Alight extends, increases revolving commitments to $294.2 million

Chicago, Aug. 26 – Alight, Inc. announced that indirect wholly owned subsidiary Tempo Acquisition, LLC closed on a sixth amendment to its credit agreement on Aug. 24, according to an 8-K filing with the Securities and Exchange Commission.

The amended facility included revolving commitments that have been increased to $294.2 million.

The extended revolving credit commitments now have a maturity date of Aug. 31, 2026.

Interest on the revolver is Libor plus 275 basis points and 300 bps, based on leverage. The commitment fee is between 37.5 bps and 50 bps, also based on leverage.
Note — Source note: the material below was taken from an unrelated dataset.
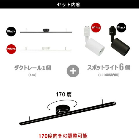 【セット内容】 ■ライティングレールx1本(1メートルタイプ) ■スポットライトx6個 ■LED電球x6個 商品特徴 ※簡易取付式引っ掛けプラグ、ローゼット等の天井器具に簡単に取付けられるライテイングレール。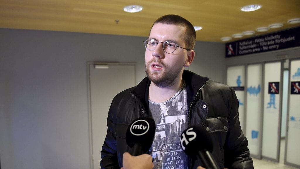 Perussuomalaisten erottama 3. varapuheenjohtaja Sebastian Tynkkynen palasi illalla Islannista Suomeen.

The rates were previously listed in the fifth amendment and referenced in the filing on Thursday.

The amended facility was part of a broader amended agreement which includes a previously reported third incremental term loan in the amount of $525 million due Aug. 31, 2028 from Alight Solutions.

Bank of America, NA, Barclays, BMO Capital Markets Corp., Citibank, NA, Credit Suisse Loan Funding LLC, Goldman Sachs Bank USA, JPMorgan Chase Bank, NA, Morgan Stanley Senior Funding, Inc. and RBC Capital Markets, LLC worked as joint lead arrangers and joint bookrunners.

Blackstone Securities Partners LP and Trasimene Capital Management, LLC were co-managers.

Bank of America, NA is the administrative agent.

Alight is a Lincolnshire, Ill.-based provider of integrated, cloud-based human capital solutions.